(Recorded data)
------------------------------------------------
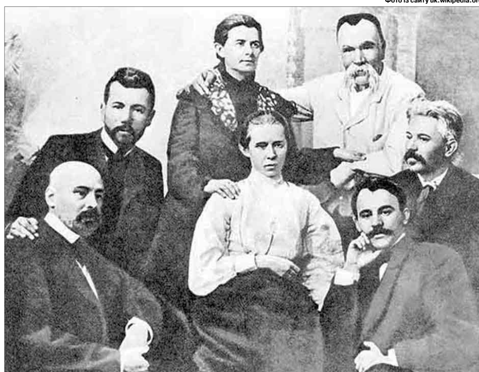
На відкритті пам'ятника Іванові Котляревському в Полтаві 30 серпня 1903 року. Зліва направо: Михайло Коцюбинський, Василь Стефанік, Олена Пчілка, Леся Українка, Михайло Старицький, Гнат Хоткевич, Володимир Самійленко.
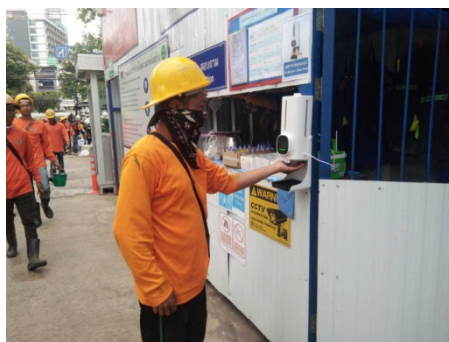
ภาพที่ 4-22 ตรวจวัดอุณหภูมิร่างกายก่อนเข้าปฏิบัติงานทุกวัน
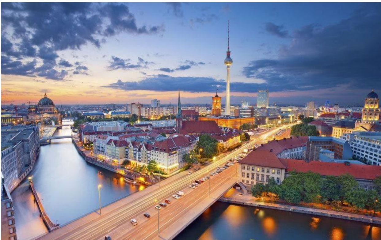
Слика 1. Панорама града Берлина

Берлин је град који се не може описати једноставним навођењем атракција. Он је нешто много више. Омиљен међу уметницима, скејтерима, тинејџерима, али и бизнисменима, има другачију причу од осталих светских метропола. То су два града спојена у једном... Простире се на невероватних 900 квадратних километара и подељен је на 12 области. На Старом континенту по величини је одмах иза Лондона. Захваљујући ратној подели, град има два центра и чак 18 Универзитета. Оно што највише интригира све посетиоце Берлина је прича о Зиду. Подигнут је, као жичана ограда 1961. и након тога је, све до 1989. "унапређиван" и ојачаван. Током његовог постојања било је 5.000 успешних пребега у Западни Берлин. Најпознатији неуспешни пребег је из 1962. када је Петер Фехтер погођен и остављен да крвари до смрти. Последња жртва зида је Крис Гвефрој из фебруара 1989. Некадашњи симбол "хладног рата" чувени Берлински зид, који је поделио државу и град на капитализам и комунизам, подугнут је за једну једину ноћ! Укупну дужину од 160 километара, по неким и 200, чувале су 302 осматрачнице. Данас је од Зида остао само један мали део, који је претворен у галерију графита - "Еаст Сиде Галлери", коју су осликали уметници из целог света.
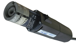
ESG Plus 2
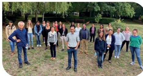
De gauche à droite et de haut en bas : promotion CAPPEI 20-21, M2 ESF 1 er degré/site de Metz-Montigny, M1 1 er degré/site d'Épinal, promotion Psy-EN 20-21
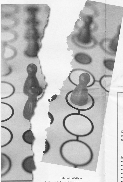
Eile mit Weile – Stress und Ausgebranntsein sind ein Nährboden für Gewalt und Aggression.
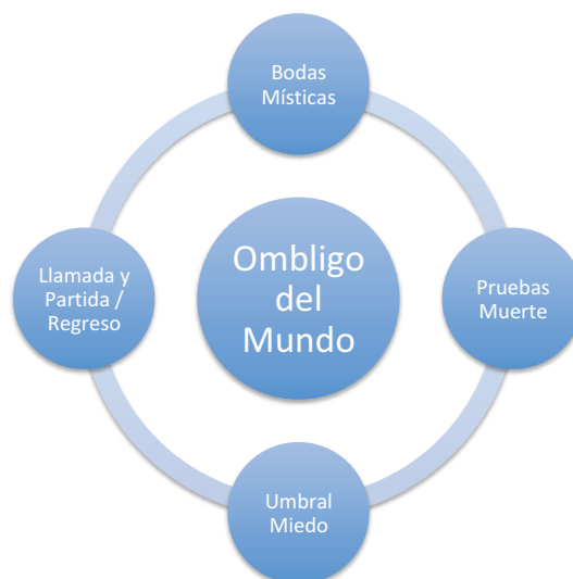
Viaje del Héroe según Campbell

Cuando finalmente sea redimido, regresará del Tártaro como inmortal, vencedor de la muerte, una vez admitido por los dioses del Olimpo.
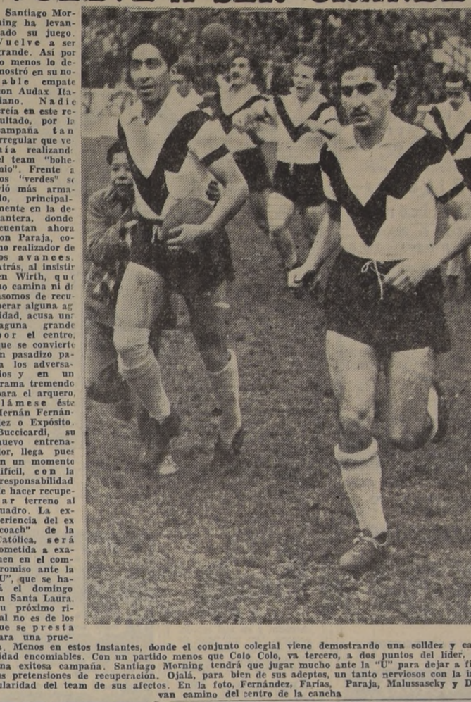
Santiago Morning ha levantado su juego. Y vuelve a ser grande. Así por lo menos lo demostró en su notable empate con Audax Italiano...
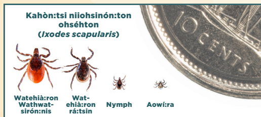
Tsi nitawé:nón ne ohséhton kaia'tarónnion: URI TickEncounter Resource Center

Iotkà:te, iakononhwaktanihens nó:nen nitioión:'a ohséhton aiakoká:ri né:ne nymph konwá:iats né:ne sha'té:wa ne iotshihkón:ni aonénha. Ionatehiá:ron ohséhton (thóha sha'té:wa ne sesame aonénha) ne ò:ni enwá:ton aiakononhwakténhseron ne Lyme raónhra. Kwah í:ken nikonná:sas ne ohséhton táhnon ens iah teiononhwákte nó:nen aiakoká:ri, tho kí' ta'nón:wa iah tesaterièn:tare tsi saká:rión.
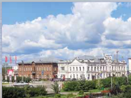
На улицах современного Галича

В истории Галича и его хозяйственной и социальной жизни всегда важную роль играла Церковь. Христианство начало проникать сюда еще с XI века, а полностью язычество было вытеснено в начале XIII века. Галичская земля была родиной четырех русских святых: святителя Филиппа, митрополита Московского и всея России, чудотворца; преподобных Павла Обнорского, Макария Унженского и Паисия Галичского. Всего в XVI–XVII веках в районе Галича насчитывалось 10 монастырей, но потом их число уменьшилось. До революции в Галичском уезде было два монастыря, 133 церкви и часовни, а в самом городе
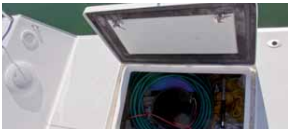
Stauraum für Fender und Leinen sowie Badeleiter.
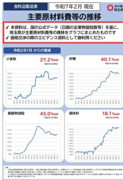
価格交渉支援ツール
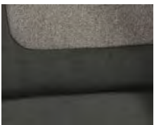
+ Wohnwelt Ravello
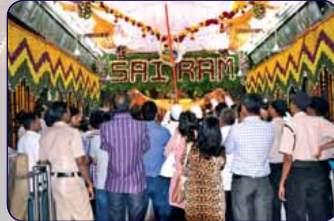
समाधिमंदिरात दहीहंडी कार्यक्रम...

प्रकाशक व मुद्रक कार्यकारी अधिकारी यांनी श्री साईबाबा संस्थान विश्वस्तव्यवस्था (शिर्डी) करिता मे. टॅको व्हिजन्स प्रा. लि., ३८ ए व बी, गव्हर्नमेंट इंडस्ट्रियल इस्टेट, चारकोप, कांदिवली (प.), मुंबई - ४०० ०६७ येथे छापून साईनिकेतन, ८०४ बी, डॉ. आंबेडकर मार्ग, दादर, मुंबई - ४०० ०१४ येथे प्रकाशित केले. संपादक : कार्यकारी अधिकारी, श्री साईबाबा संस्थान विश्वस्तव्यवस्था (शिर्डी)
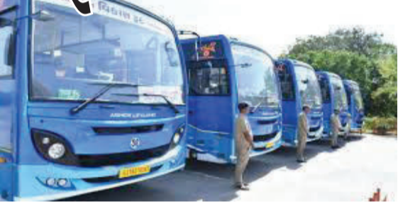
ગારીયાધાર એક જ સમયે એક જ રૂટ પર ગારીયાધાર સુધી ચાલે છે. તેમજ ચલાવાથી ચલાવા

જુનાગઢ એસટી ડેપો દ્વારા ચલાવવામાં આવતી જુનાગઢ હસ્તગીરી બસ અગાઉ સાવરકુંડલા, વંડા, જેસર થઈ ચલાવવામાં આવતી પરંતુ કોઈ કારણોસર તે બસ સાવરકુંડલા, ભુવા, જુનાસાવર, ગારીયાધાર થઈ ચલાવવામાં આવે છે. જુનાગઢ ડેપો દ્વારા સવારે જુનાગઢ હસ્તગીરી તથા જુનાગઢ
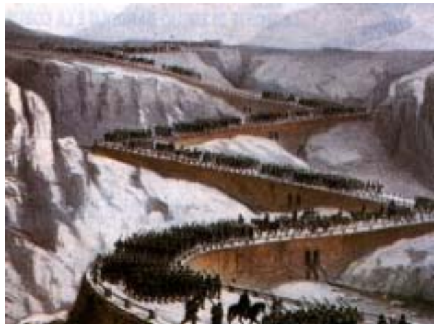
L'arrivo dei francesi attraverso il passo del Moncenisio

Accortosi, anche se con forte ritardo, della manovra avvolgente dei francesi, Giulay riuscì ugualmente a concentrare un forte quantitativo di truppe a difesa di Milano. Pertanto quando il 4 giugno nei pressi di Magenta giunsero le avanguardie dell'armata francese, unitamente ad alcuni reparti piemontesi, trovarono la strada sbarrata da una forte concentrazione di nemici. Inizialmente e per diverse ore l'avanzata venne fermata dall'elevato numero di austriaci. In serata l'arrivo sul campo di battaglia di un nuovo Corpo d'armata al comando di Mac Mahon, che già era stato impegnato in precedenza nei dintorni, seguito a breve distanza da una divisione piemontese, fece volgere l'andamento dello scontro a favore degli alleati. Il successo ottenuto non venne sfruttato sino in fondo. Non fu colta, infatti, l'occasione per infliggere agli asburgici una ben più grave e decisiva sconfitta. Pertanto al Giulay fu così possibile riuscire a far ripiegare in ordine i suoi
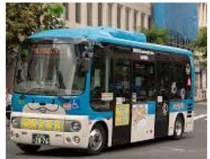
渋谷区を走る「ハチ公バス」

コミュニティバス路線の導入へ、品川区議会では区民から何度も請願署名が提出されました。これまで賛成は共産、ネット、無所属のみで、請願署名は否決になりましたが、導入を求める強い区民世論が力となり、ようやくここまで検討を進める事ができました。移動に便利なコミュニティバス路線の実現へ、引き続き頑張ります。
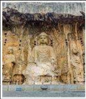
พระพุทธรูปแกะสลัก หินหลงเหมิน
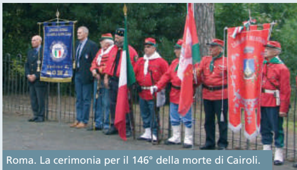
Roma. La cerimonia per il 146° della morte di Cairoli.
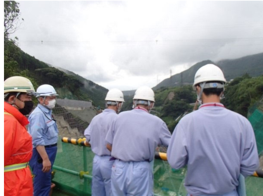
R3.7 高校生現地説明【5名】
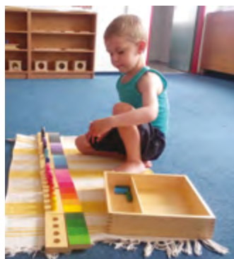
Montessori herna (1,5–4).
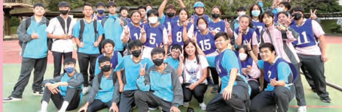
▲男女混合組冠軍 餐一禮甲班
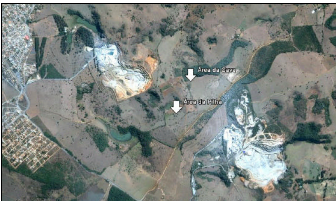
Imagem 02. Vista das áreas das estruturas (cava e pilha) da futura Mina Borges, situadas entre a Mineração Fazenda dos Borges (à esquerda) e Mineração Lapa Vermelha (à direita).
------------------------------------------------
Your assignment => The lines to repeat start at the one holding "พระพุทธรูปแกะสลัก หินหลงเหมิน" and run through the last line of the records above; write them out exactly, both ends included, but not the pictures.

Task result =>
พระพุทธรูปแกะสลัก หินหลงเหมิน
Roma. La cerimonia per il 146° della morte di Cairoli.
R3.7 高校生現地説明【5名】
Montessori herna (1,5–4).
▲男女混合組冠軍 餐一禮甲班
Imagem 02. Vista das áreas das estruturas (cava e pilha) da futura Mina Borges, situadas entre a Mineração Fazenda dos Borges (à esquerda) e Mineração Lapa Vermelha (à direita).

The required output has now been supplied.